[Dataset items]
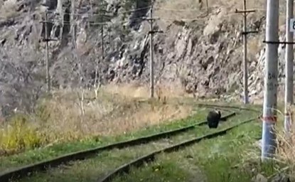 Медведь испугал туристов на Кругобайкальской железной дороге
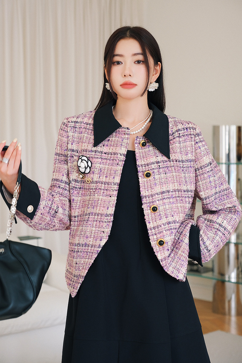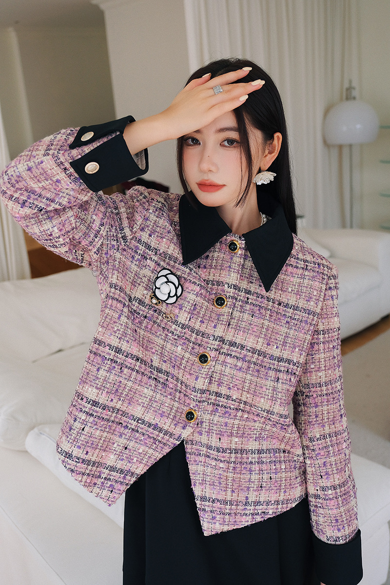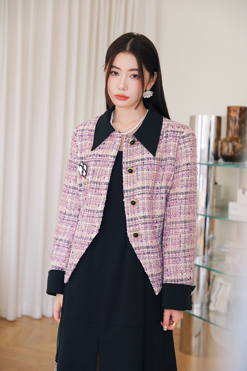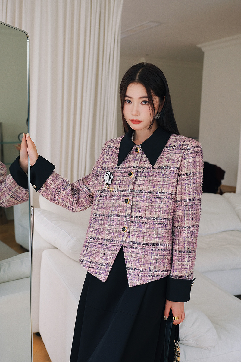 *o-ha-you*【FLKYD908】2023秋季復古法式小香風粉紅格紋粗呢外套方領通勤上衣
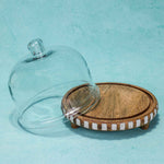 Sugar Sphere Acacia Wood Cake Stand with Glass Dome
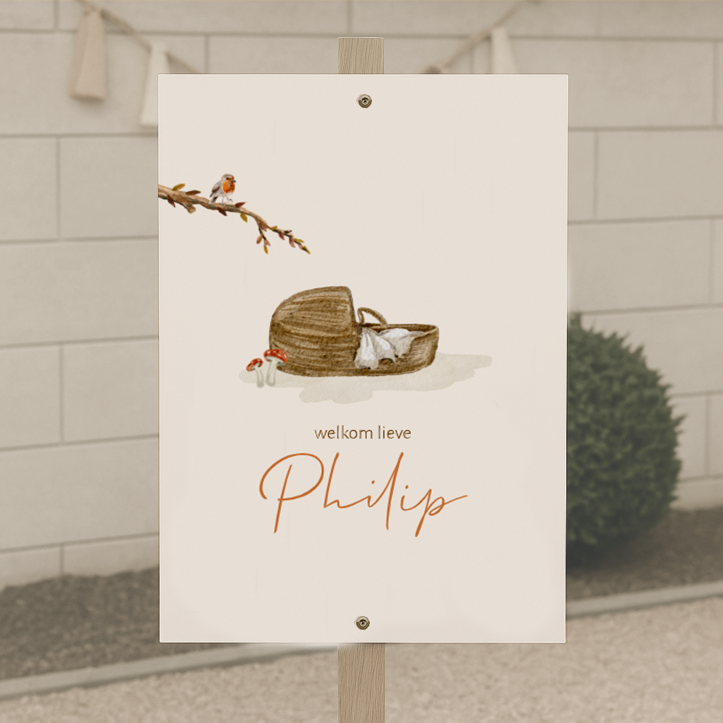 Vier de geboorte van jullie kindje met een tuinbord. Zo kan iedereen zien dat er bij jullie een kleintje is geboren. Dit bord heeft een mandje met een baby en paddestoelen. De unieke illustraties maken dit bord extra leuk!
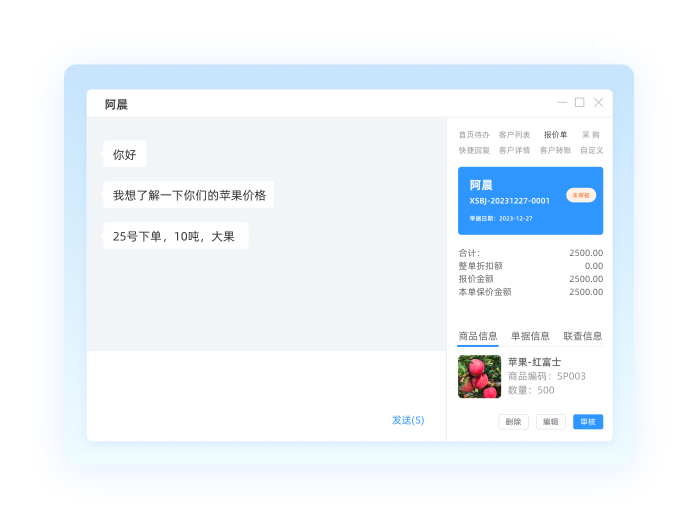- 开通企微互通服务后,可以实现企微客户一键同步到云星辰;在企微跟客户沟通时,能在侧边栏查看客户资料、客户账单,实现一键新增客户、一键写跟进、一键报价、一键下单、一键客户对账。
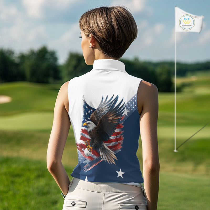 Red, White and Blue American Flag Eagle Custom Women Sleeveless polos, patriotic ladies golf outfit NQS10104
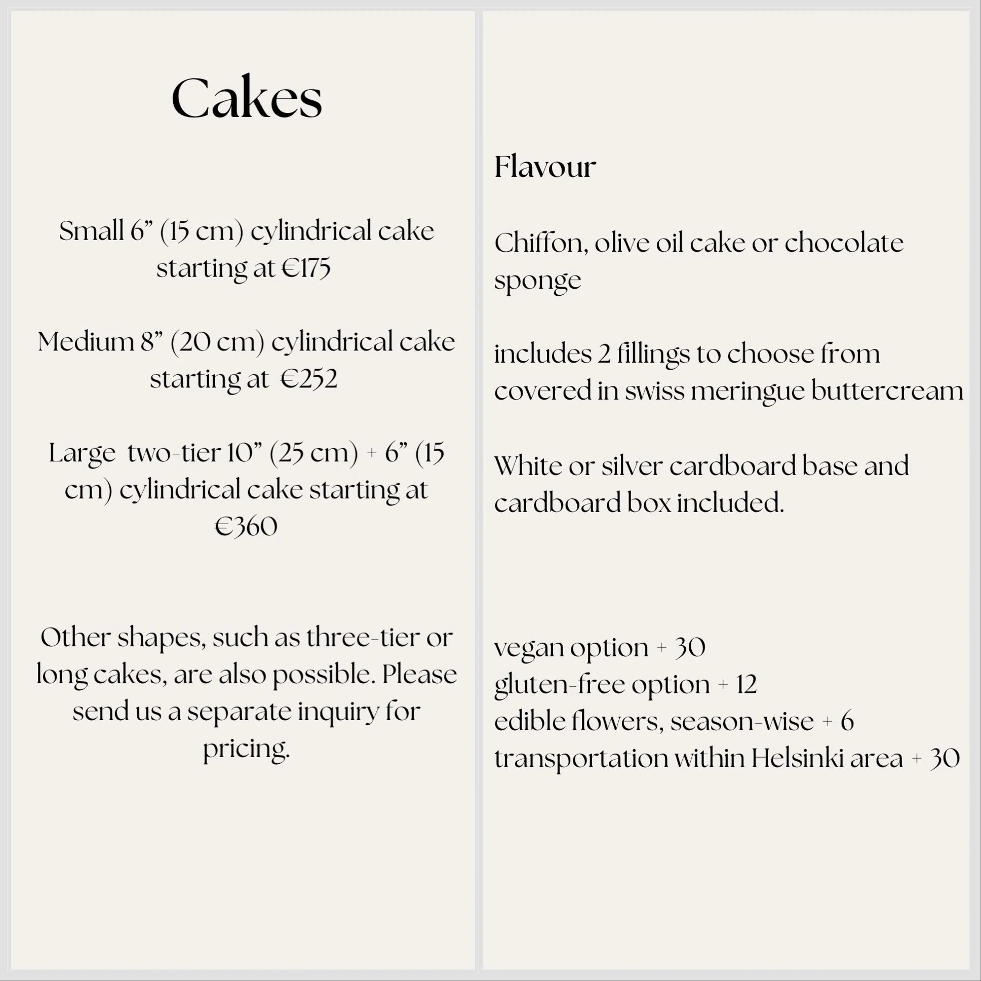 Alejandra offers the following cake options:
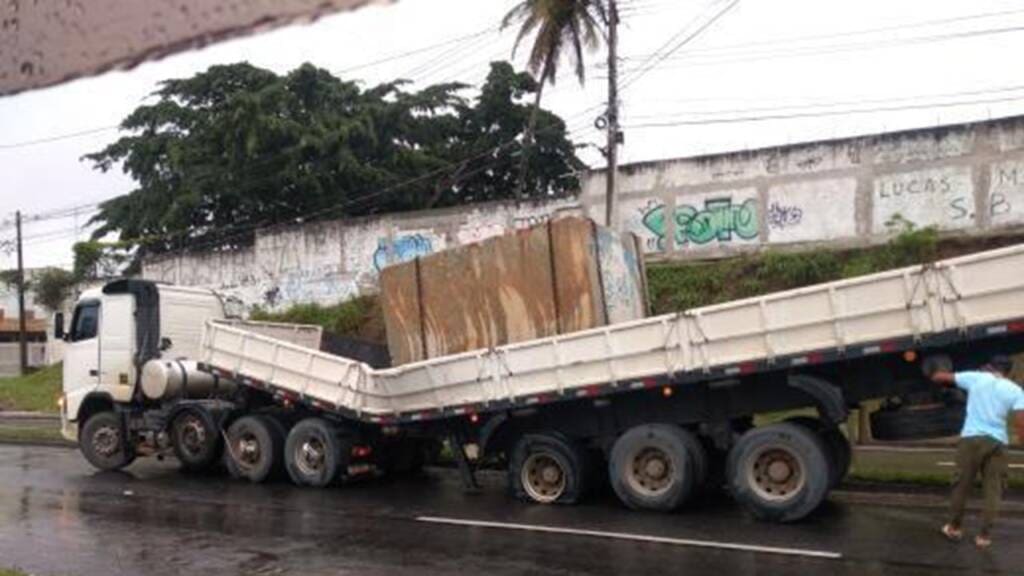 Fato curioso também na manhã de sexta-feira (12), por volta das 6:30h, a carroceria de uma carreta quebrou ao meio, o veículo transportava um bloco de granito, aconteceu na BR-101, próximo da entrada do bairro Taquara I. Corriqueiro esse tipo de bloco partir ao meio as carrocerias das carretas.
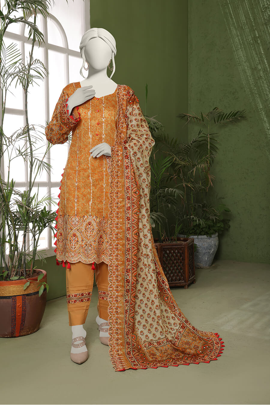 Shirt: 2.75 Meters | Dupatta: 2.25 Meters | Trouser: 2.25 Meters
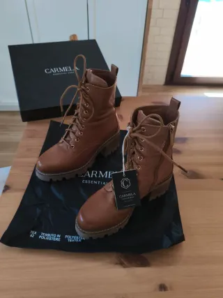 Botines de piel de la marca Carmela en color marrón/ brandy. Cuentan con cordones y cremallera lateral para facilitar su uso. - Material exterior: Piel. - Cierre: Cordones y cremallera. - Suela: Goma. - Detalle de cremallera con logo de la marca. Se las puso mi hija un día.
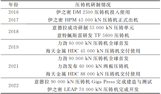 3、新能源汽車一體化壓鑄設(shè)備研制現(xiàn)狀 新能源汽車大多采用冷室壓鑄機,是一體化壓鑄的核心裝備,根據(jù)鎖模力大小可分為小型(<4000kN)、中型(4000~10000kN)和大型(≥10000kN)壓鑄機。由于壓鑄機的鎖模力大小需覆蓋所壓部件的投影面積,故大型車身結(jié)構(gòu)件如后底板、前艙架等需要鎖模力至少為60000kN的壓鑄機,而結(jié)構(gòu)件投影面積越大,所需壓鑄機的鎖模力越大,如壓鑄電池托盤、中底板所需鎖模力為80000~120000kN,壓鑄整個底盤、白車身所需的鎖模力為120000~200000kN。目前,全球具備60000kN以上超大型壓鑄設(shè)備生產(chǎn)能力的廠商為瑞士布勒、海天金屬、伊之密、力勁科技及其子品牌IDRA等。一體化壓鑄用大型壓鑄設(shè)備的研制情況見表3。未來新能源汽車要采用一體化壓鑄技術(shù),必須大量采購超大型壓鑄設(shè)備,因此量產(chǎn)超大型一體化壓鑄設(shè)備仍是當前一體化壓鑄技術(shù)快速發(fā)展的關(guān)鍵壁壘之一。
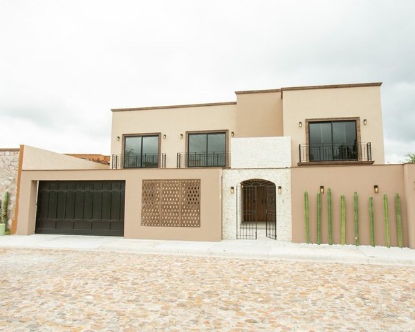 Space and privacy just minutes from the Historic Center Located in the prestigious gated community of Vista Antigua, this elegant residence offers the perfect blend of comfort, thoughtful design, and an unbeatable location—just minutes from the heart of San Miguel de Allende. A striking solid wood door welcomes you, flanked by a side garden and a two-car garage. The foyer, featuring exposed wood beams, leads through a limestone arch that frames the view of the spacious social areas: a living and dining room with vaulted ceilings, ideal for entertaining or relaxing with family. The open-concept kitchen is equipped with white granite countertops, a large pantry, and direct access to the garden. There’s also a service room with a full bathroom. On the ground floor, you’ll find a primary bedroom with views of the garden, a walk-in closet, and a full bathroom. All bedrooms feature wood-style laminate flooring, offering warmth, modern appeal, and easy maintenance. Upstairs, a beautiful wood staircase with double-height ceiling leads to the second level, which includes a second bedroom with an external full bathroom, an additional primary suite with a walk-in closet and en-suite bath, as well as a large study perfect for a home office, TV room, or reading space. The mature, landscaped garden features acacia trees, a swimming pool, and a covered terrace, ideal for enjoying San Miguel’s climate with friends and family. High-quality finishes are found throughout: large neutral-tone ceramic floors, handcrafted ironwork, cantera stone, exposed beams, and carefully selected details that add charm and character to every space. A home full of potential, with generous indoor and outdoor spaces, a pool, and an excellent location within a private, secure community close to everything San Miguel has to offer.
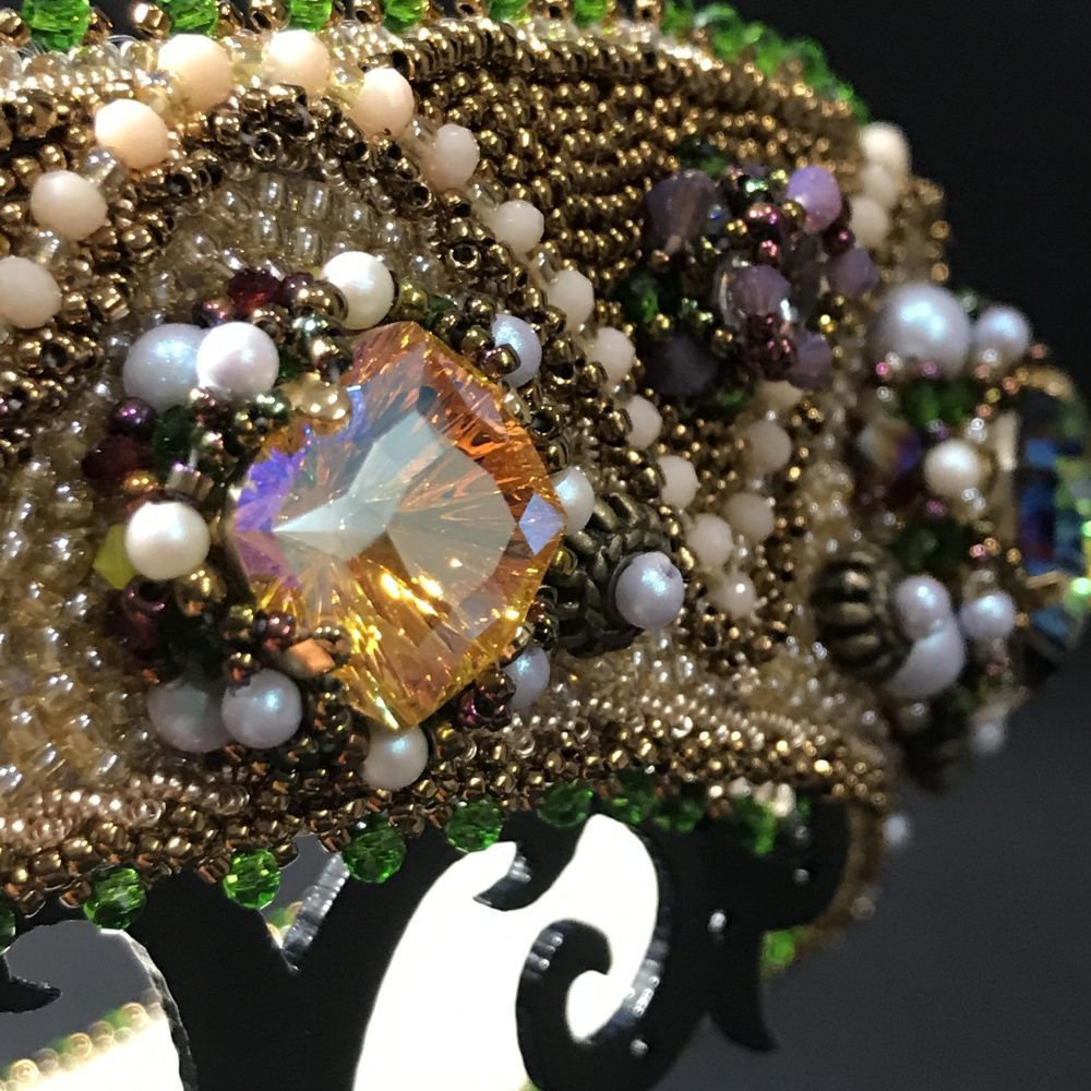 Своей работой я хотела отдать дань традициям своих предков и выразить восхищение непревзойденным кристаллам и жемчугу компании Swarovski.

THE PROBLEM
A clean copy is needed of the lines above from the one with "Fato curioso também" up to and including the one with "Botines de piel". Please set it down exactly, with no pictures.

RESULT
 Fato curioso também na manhã de sexta-feira (12), por volta das 6:30h, a carroceria de uma carreta quebrou ao meio, o veículo transportava um bloco de granito, aconteceu na BR-101, próximo da entrada do bairro Taquara I. Corriqueiro esse tipo de bloco partir ao meio as carrocerias das carretas.
 Shirt: 2.75 Meters | Dupatta: 2.25 Meters | Trouser: 2.25 Meters
 Botines de piel de la marca Carmela en color marrón/ brandy. Cuentan con cordones y cremallera lateral para facilitar su uso. - Material exterior: Piel. - Cierre: Cordones y cremallera. - Suela: Goma. - Detalle de cremallera con logo de la marca. Se las puso mi hija un día.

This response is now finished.